(Data section begins)

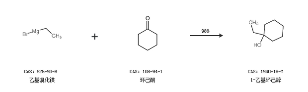 1.通过乙基溴化镁和环己酮合成1-乙基环己醇,收率约98%;
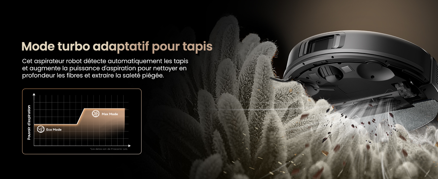Bonjour, oui, le Q20 Plus est parfaitement adapté pour une utilisation sur les tapis ! Il est doté d'une fonction d'augmentation automatique de la puissance spécialement conçue pour les tapis : dès qu'il détecte un tapis, il booste l'aspiration pour un nettoyage en profondeur. De plus, son plateau de lavage se soulève automatiquement pour éviter de mouiller le tapis. Ainsi, vous passez sans effort du sol dur au tapis, sans aucune manipulation !
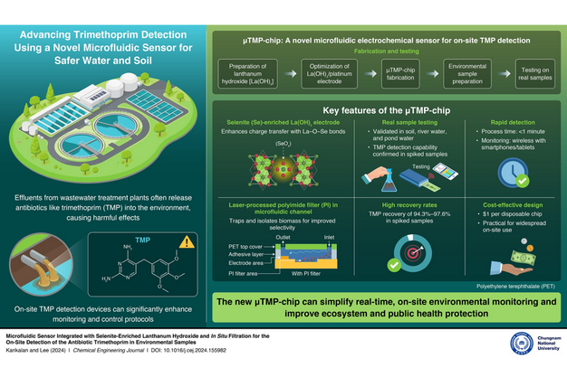 Professor Tae Yoon Lee and Dr. Natarajan Karikalan of Chungnam National University, Korea, have made an advancement in EC detection methods, that show potential to change on-site testing for TMP in contaminated wastewater. They developed a disposable microfluidic lab-on-a-chip (LOC) EC sensor, μTMP-chip, designed for real-time TMP detection. "Efficient TMP monitoring in effluents is critical for effective control protocols. Hence, we aimed to enable in situ testing of water samples," explains Prof. Lee. Their paper was made available online on September 21, 2024, and was published in Volume 499 of Chemical Engineering Journal on November 1, 2024.
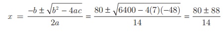 x2 − 10x – (1/8)x2 = 6 ⇒ 7x2 − 80x − 48 = 0
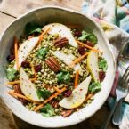 Sprouted Green Gram and Pear Salad with Spiced Pecans and Cranberries
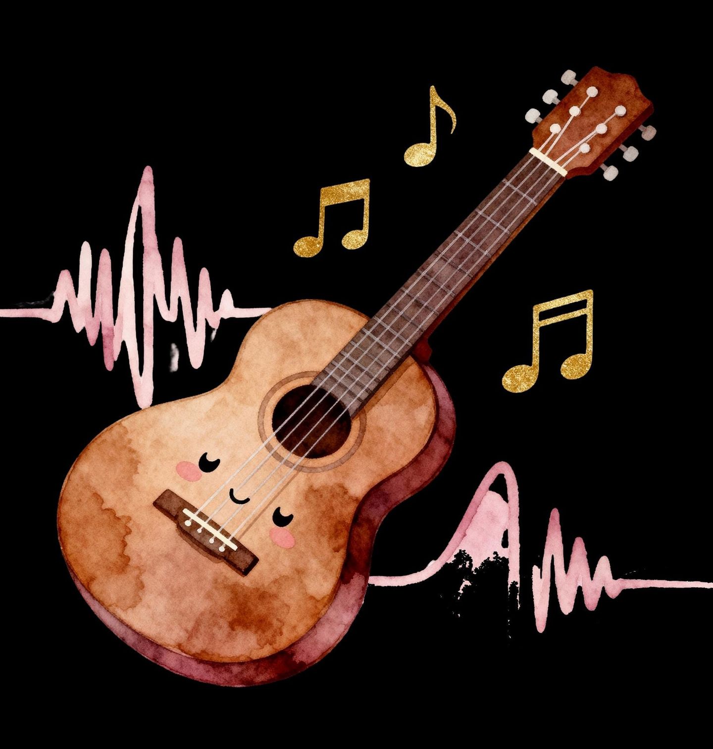 Pánské tričko Melodie Akustické Kytary. Jemný a pozitivní motiv, ve kterém hraje hlavní roli akustická kytara s roztomilým úsměvem. Kolem létají hudební noty a jemné vlnky, které připomínají melodii, rytmus a klidnou atmosféru. Design působí hravě, něžně a přináší pocit pohody — jako když si v klidu brnkáte na struny oblíbené kytary.
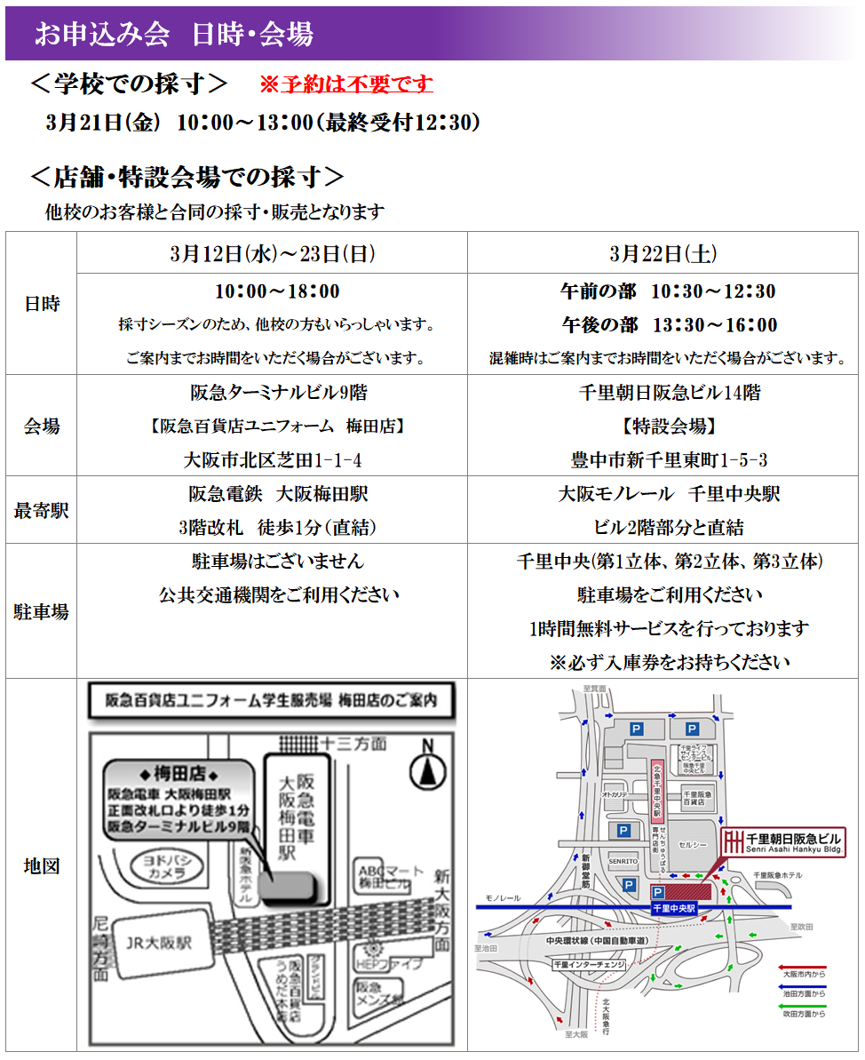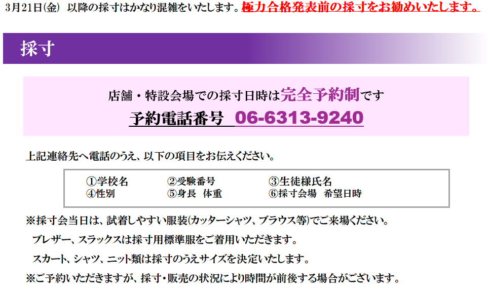 大阪府立豊中高等学校 制服お申し込みについて

(Data section ends)

* [Aim of the task]
Begin with the line that contains "x2 − 10x – (1/8)x2 = 6 ⇒ 7x2 − 80x − 48 = 0" and repeat every line through the end of the data, exactly and only those lines, leaving out the pictures.

* [Written solution]
 x2 − 10x – (1/8)x2 = 6 ⇒ 7x2 − 80x − 48 = 0
 Sprouted Green Gram and Pear Salad with Spiced Pecans and Cranberries
 Pánské tričko Melodie Akustické Kytary. Jemný a pozitivní motiv, ve kterém hraje hlavní roli akustická kytara s roztomilým úsměvem. Kolem létají hudební noty a jemné vlnky, které připomínají melodii, rytmus a klidnou atmosféru. Design působí hravě, něžně a přináší pocit pohody — jako když si v klidu brnkáte na struny oblíbené kytary.
 大阪府立豊中高等学校 制服お申し込みについて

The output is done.